At the end of the hallway, Mikhail arrives at his office - a cramped, windowless room with two television sets, a wooden table and a few folding chairs. It is here, among cylindrical stacks of DVDs and worn-out pairs of Adidas, that Alex Ovechkin’s 26-year-old brother spends his days and nights cutting video as manager of team operations for the Washington Mystics.

Mikhail watches the Mystics struggle against the Sacramento Monarchs on the monitor of an outdated laptop, periodically freezing the frame when Alana Beard makes a pretty pass or Nikki Blue commits a turnover.

“You don’t want to watch this,” he says, stopping the footage with the tiny remote in his right hand. “It’s boring.”

Roughly 24 hours from now, some 550 miles to the north in Toronto, his younger brother will accept the Hart Memorial Trophy and the Lester B. Pearson Award, the clear choice as the NHL MVP. Mikhail won’t be there. He has to be here to do his job, to live his life. Because as much as it might seem like Mikhail Ovechkin exists shrouded by his brother’s long shadow - residing in the same city, working in the same building - Mikhail is trying hard to have a life of his own.

He no longer lives in the $1.5 million Arlington apartment the two brothers shared during Alex’s rookie year, having moved into his own modest home in Ashburn. He takes the metro and walks to work rather than zooming around the District in a flashy sports car. Tonight, he is dressed not in Alex’s swank Streetwear clothing line or in the sleek Dolce & Gabbana garb his brother fancies but in a red Harley Davidson t-shirt, wrinkled khaki pants and brown hiking boots.

“He doesn’t ask me to get him things or anything like that,” Alex says when asked about his brother. “He never use my money.”

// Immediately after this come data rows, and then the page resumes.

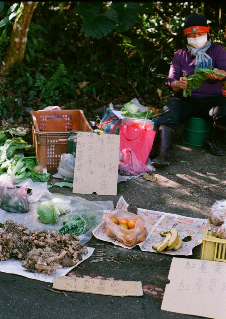 阿姨整理著她今天採收的青菜,除了新鮮蔬果外還賣著陳年絲瓜露、薑黃粉和放山土雞。還沒走到園區入口外面的攤販就吸引我們注目。
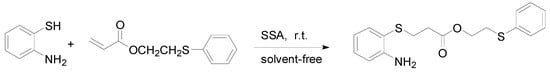 - Pore, D.M.; Soudagar, M.S.; Desai, U.V. Potassium phosphate or silica sulfuric acid catalyzed conjugate addition of thiols to alpha,beta-unsaturated ketones at room temperature under solvent-free conditions. Tetrahedron Lett. 2006, 47, 9325–9328. [Google Scholar] [CrossRef]
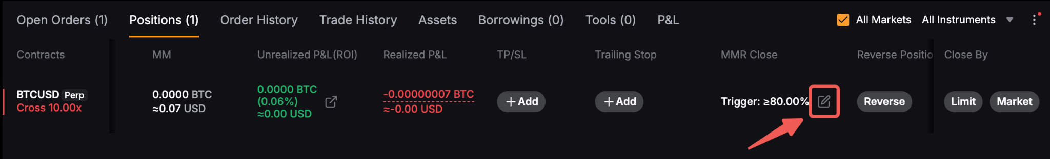Click Add under MMR Close on your position tab. Then, set the Trigger MMR as desired.
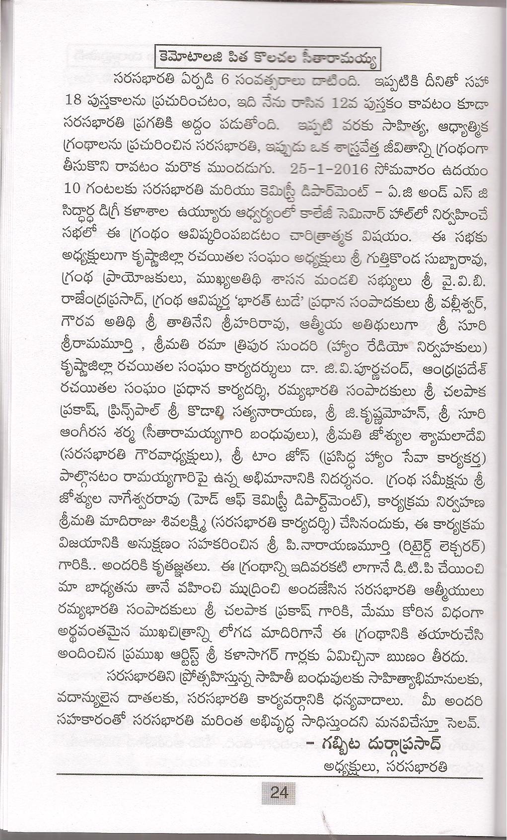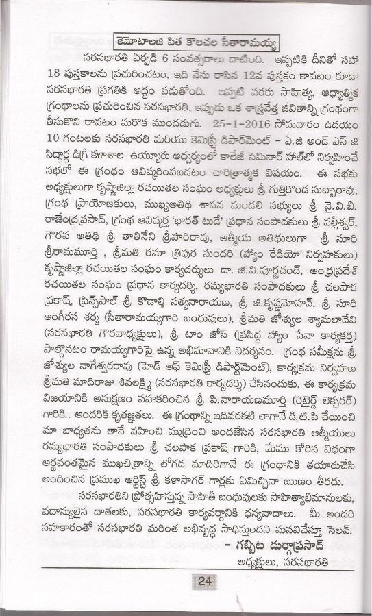 • సరసభారతి ప్రగతి
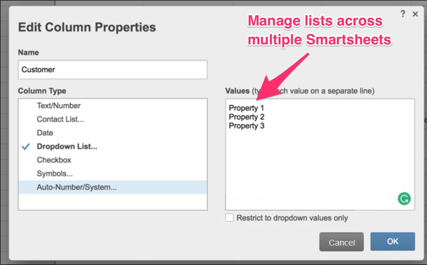 2. Automation. Whether you are managing one project or one hundred, Smarter Dropdown List Manager gives you full control of your dropdown lists from one central point. Update the assigned to column on one sheet, and it will automatically update as many sheets as you need, without having to go into each sheet and manually make the changes.
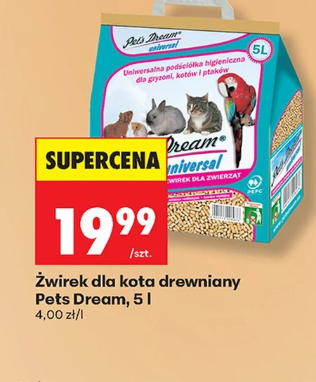 Żwirek dla kota drewniany Pets Dream, 5 1 4,00 zł/l
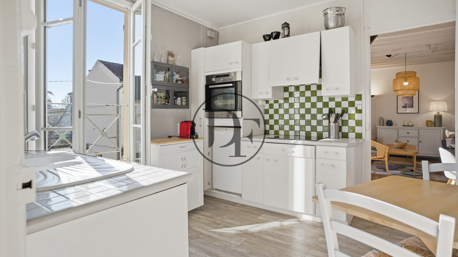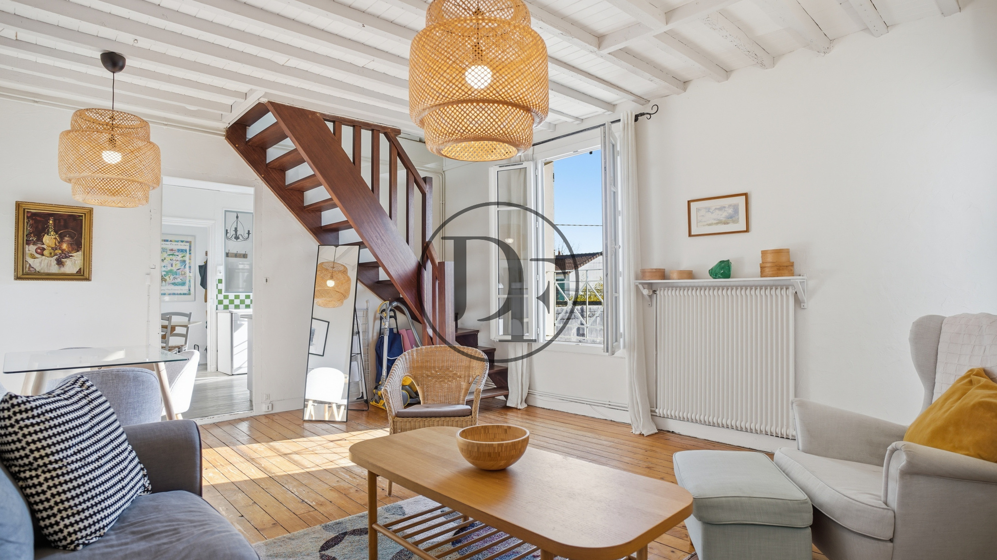 L'appartement se compose d'une entrée indépendante desservant un toilette, une cuisine équipée et aménagée avec espace repas, une salle d’eau intégrant un coin buanderie. En continuité, un salon-séjour lumineux et chaleureux ainsi qu’une chambre avec placard. Au 1er étage, un palier dessert deux chambres ou espace bureau avec de nombreux rangements.

Mystics coach Tree Rollins and chief operating officer Greg Bibb say Mikhail’s position with the organization is based on the merits of his passionate work ethic and sharp eye for basketball talent - not his last name.

“He’s very self-motivated,” says Bibb, who hired Ovechkin at the beginning of the 2008 season. “He knows what he’s doing.”

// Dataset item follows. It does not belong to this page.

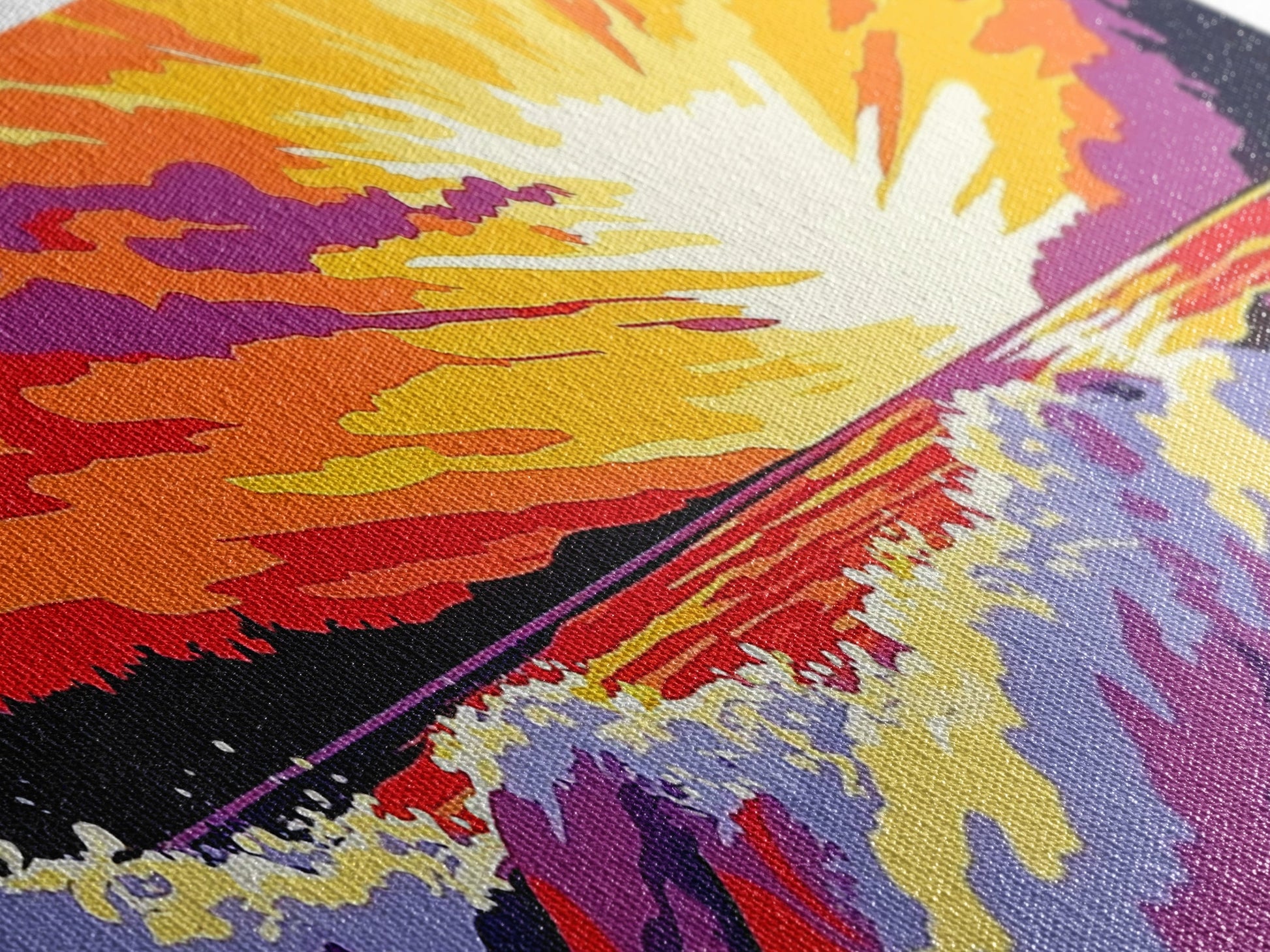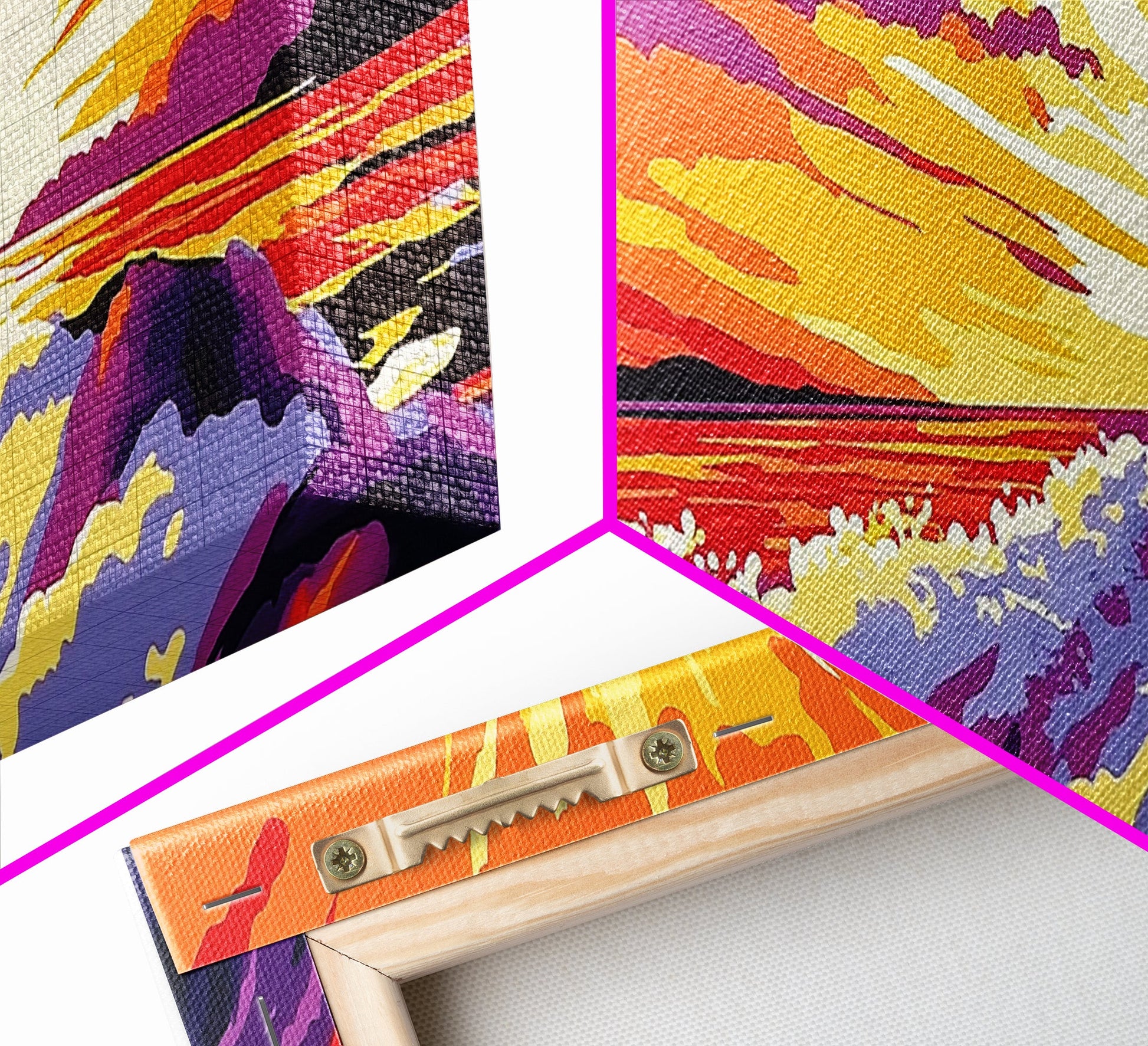 Hello and thank you for taking the time to view our modern high quality giclée artwork! We offer both posters and stretched canvas prints. Our posters are printed on Ultra Matte 60 lb / 230 GSM high quality photo paper, with a thickness of 10 mil. Our canvases are printed on museum grade 350 GSM canvas material with ECO friendly archival grade ink, then hand stretched and stapled over premium, FSC certified and shrink resistant frames. Designed and built to last a lifetime.

Bibb and Rollins are thankful for the thankless job Ovechkin does in the video room, but they also appreciate his trusted advice on foreign prospects. This isn’t Mikhail’s first dance on hardwood. Before joining the Mystics, he worked six years for Dynamo Moscow, the women’s professional team for which his mother, Tatiana, serves as president. He toured Europe with the team and learned about the game from Tatiana, a former two-time Olympic gold medalist and Dynamo star.

“He loves women’s basketball,” Alex says.